Nueve reinas, Fabién Bielinsky. 2000. Un año que nadie olvida en Argentina, tal vez por eso me viene en seguida este film a la memoria. Además, claro, del brillante argumento y la soberbia actuación de Ricardo Darín y Gastón Pauls. Diría que una película típicamente argentina. De esas para no dejarnos olvidar las pesadillas recurrentes que nos aquejan a los ciudadanos de este país calesita.

Whatever works, Woody Allen. 2009. Difícil elegir una película de Woody Allen y fácil seleccionar escenas maravillosas en casi todas ellas. A mí me atrapa en especial una en la que no actúa Allen sino Larry David, el libretista de la famosa serie de culto Seinfeld. El personaje que protagoniza David, una de las variantes de looser que pone siempe Allen en sus films, interpreta diálogos y monólogos inolvidables (que me encantaría haber escrito) con un humor ácido y un argumento para mí gusto brillante.

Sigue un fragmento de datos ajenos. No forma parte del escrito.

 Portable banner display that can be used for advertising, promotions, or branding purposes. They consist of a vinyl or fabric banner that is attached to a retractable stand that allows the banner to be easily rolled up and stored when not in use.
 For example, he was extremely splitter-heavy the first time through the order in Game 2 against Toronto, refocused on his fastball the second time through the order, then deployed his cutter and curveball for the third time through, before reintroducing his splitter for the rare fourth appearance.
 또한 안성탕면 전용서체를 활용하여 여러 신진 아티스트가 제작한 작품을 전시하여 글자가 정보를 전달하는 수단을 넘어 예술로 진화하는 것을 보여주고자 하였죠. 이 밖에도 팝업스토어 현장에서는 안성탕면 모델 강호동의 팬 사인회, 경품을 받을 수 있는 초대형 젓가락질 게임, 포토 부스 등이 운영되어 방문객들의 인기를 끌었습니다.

Only lovers left alive, Jim Jarmusch. 2013. Las películas de vampiros nunca me atrajeron mucho, salvo esta, donde los vampiros son una buena excusa para plantear cuestionamientos cuasi filosóficos sobre la vida, las culturas y la civilización. Una joyíta de Jim Jarmush con excelentes actuaciones, hermosas imágenes y un ritmo que a muchos les va a parecer insoportablemenmte lento dentro de una ambientación muy sugerente.

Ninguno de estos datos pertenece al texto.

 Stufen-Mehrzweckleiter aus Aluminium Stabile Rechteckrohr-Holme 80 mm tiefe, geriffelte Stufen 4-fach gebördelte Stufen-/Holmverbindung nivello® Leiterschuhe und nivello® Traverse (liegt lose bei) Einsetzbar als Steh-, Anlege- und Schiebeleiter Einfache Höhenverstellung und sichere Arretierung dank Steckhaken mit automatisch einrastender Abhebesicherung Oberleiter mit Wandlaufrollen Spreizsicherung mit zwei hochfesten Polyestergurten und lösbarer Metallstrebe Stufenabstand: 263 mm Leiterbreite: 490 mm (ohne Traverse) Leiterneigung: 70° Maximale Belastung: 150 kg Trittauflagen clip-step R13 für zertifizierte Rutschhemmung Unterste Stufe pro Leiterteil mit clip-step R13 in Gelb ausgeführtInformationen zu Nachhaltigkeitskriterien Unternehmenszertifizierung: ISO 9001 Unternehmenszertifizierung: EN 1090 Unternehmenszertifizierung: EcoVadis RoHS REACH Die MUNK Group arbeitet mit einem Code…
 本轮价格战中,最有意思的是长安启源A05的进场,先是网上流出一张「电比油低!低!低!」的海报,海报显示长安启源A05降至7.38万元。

Inseparables, Marcos Carnevale. 2016. Remake de la versión francesa a la que para mi gusto supera. Enfrenta a dos personajes totalmente diferentes en cuanto a origen cultural , social, económico, edades y realidades vitales. Muy emotiva, llena de humor. Entrañable. Me cuesta determinar a cuál de los dos personajes protagónicos me siento más cerca. Diría que estoy en el medio.

Mi obra Maestra, Andrés Duprat y Gastón Pozzo. 2018. Brandoni y Francella, dos actores que se lucen en una película con excelente argumento, fotografía y desarrollo. Humor, mucho humor, y una amistad cálida e indestructible más allá de las diferencias, como las que yo trato de cultivar, generalmente sin éxito.